Durch den Fahrzeugboden konnten die Beamten zum Teil auf die Straße schauen. © Kreispolizeibehörde Kleve

In Kleve stoppte die Polizei einen schrottreifen Ford Ka mit polnischem Kennzeichen. Das Auto war so verrostet, dass der Beifahrersitz drohte, auf die Straße zu fallen.

Kleve – Dieser Ford Ka war so verrostet, dass man von innen zum Teil den Asphalt der Straße sehen konnte. Die Polizei in Kleve stoppte den schrottreifen Pkw bei einer Kontrolle – und zog ihn danach umgehend aus dem Verkehr.

Das Auto ging der Polizei in Kleve bei einer Kontrolle auf der Emmericher Straße ins Netz. Dort trafen sie am vergangenen Freitag (14. Januar) auf einen älteren Ford Ka mit polnischem Kennzeichen. Und der hielt „einige Überraschungen“ bereit, wie ein Polizeisprecher aus dem Kreis Kleve jetzt mitteilt.
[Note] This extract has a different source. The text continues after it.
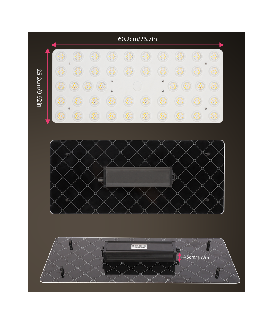 Kraftig fullspektret vekstlampe, uten vifte, innebygd dimmer
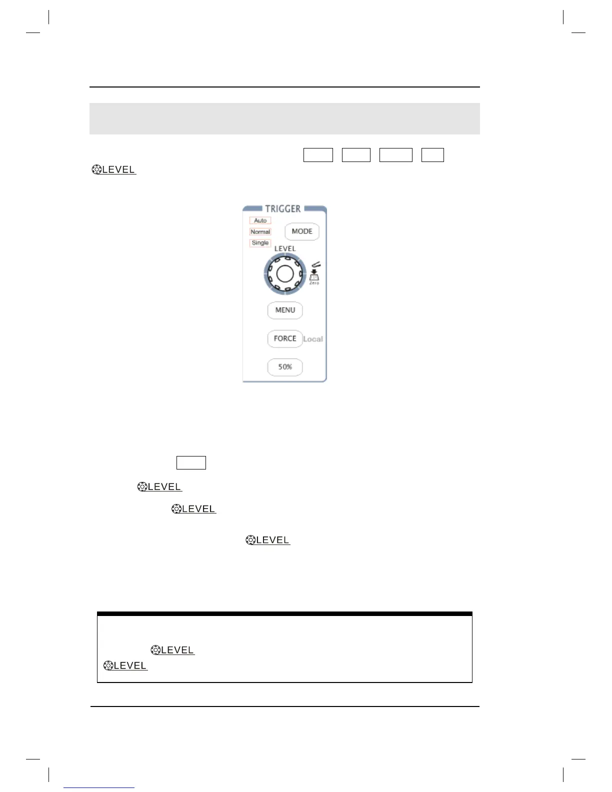 sign and a trigger level value displaying pane on the screen moving up and down.

Kleve: Schrottreifer Ford Ka gestoppt – Beifahrersitz drohte auf die Straße zu fallen

„Die Bodengruppe war derart durchgerostet, dass man von innen teils freie Sicht bis auf den Straßenbelag hatte“, berichtet der Sprecher. Zudem drohte der Beifahrersitz auf die Straße zu fallen. Die entsprechenden Schweller waren auf beiden Seiten kaum noch zu erkennen. „Die eingesetzten Polizeibeamten wunderten sich nahezu, dass der Ford überhaupt noch rollte“, sagt der Sprecher. Das vollkommen verkehrsunsichere Auto wurde sichergestellt. Den Halter des Ford Ka erwartet nun ein Bußgeld. (bs/ots) Mehr News auf der 24RHEIN-Homepage. Tipp: Täglich informiert, was in NRW passiert – einfach unseren kostenlosen 24RHEIN-Newsletter abonnieren.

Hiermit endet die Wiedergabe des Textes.